Marriage in Japan: attitudes, intentions, and perceived barriers

Date of Award


Document Type


Degree Name

Doctor of Philosophy (Ph.D.)



First Advisor

Susan L. Brown, PhD (Committee Chair)

Second Advisor

Steve Lab, PhD (Committee Member)

Third Advisor

Franklin Goza, PhD (Committee Member)

Fourth Advisor

I-Fen Lin, PhD (Committee Member)

Fifth Advisor

Kei Nomaguchi, PhD (Committee Member)


The average age at first marriage in Japan has been increasing over the decades, and is now one of the highest in the world at 29 years old for women and 30 years old for men in 2008 (Statistics Bureau, Ministry of Internal Affairs and Communications, 2009). Later marriages accelerate the declining total fertility rate in Japan (Klitsch, 1994) due to the rarity of nonmarital childbearing (Rindfuss, Choe, Bumpass, & Tsuya, 2004). Using data from the Japan 2000 National Survey on Family and Economic Conditions (Tsuya, Bumpass, & Rindfuss, 2008, N = 4,482), this study explored the views of Japanese young adults on marriage and family. First, I investigated never married individuals’ attitudes toward marriage and childbearing. I found that Japanese singles generally did not strongly believe in the centrality of marriage in life nor did they perceive strong connections between marriage and childbearing. Nevertheless, single women tended to have less traditional attitudes toward various aspects of marriage and childbearing, relative to single men. Second, marriage intentions among both men and women were examined, and Japanese singles expressed relatively strong marriage intentions.
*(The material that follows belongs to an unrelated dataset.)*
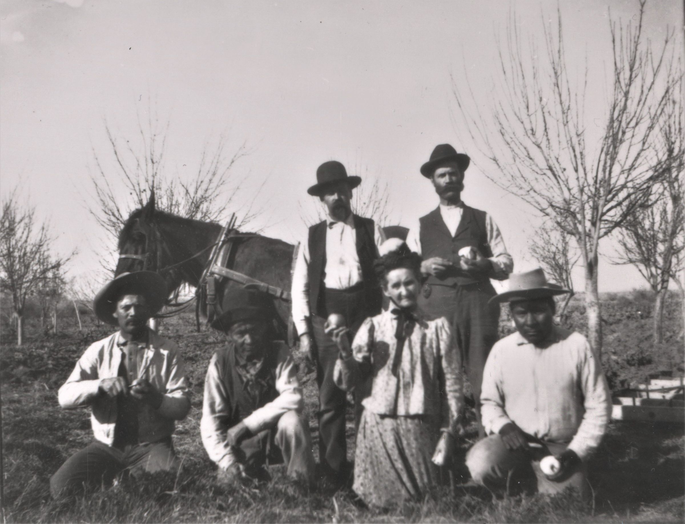 Enjoying apples grown on the Kiel Ranch, ca. 1890s-1900s; note the Paiute/Hispanic men; UNLS, 0105:0105, NV. State Parks CollectionCollection

Notably, women had stronger marriage intentions than men. Finally, I investigated gender differences in perceived barriers to marriage, particularly in the domains of (1) economic resources, (2) agreement on wives’ employment, (3) pressure to have a child soon after marriage, and (4) pressure to co-reside or to have close relationships with parents-in-law. Women were more likely than men to view economic resources, agreement on wives’ employment, and pressure to live with or have close relationships with in-laws as barriers to marriage. Japanese young adults did not strongly view pressure to have a child soon after marriage as a barrier to marriage. The results from this research contribute to new information on Japanese individuals’ views on marriage and family and may assist policymakers in encouraging young adults to marry earlier, which in turn should slow the decline of the total fertility rate.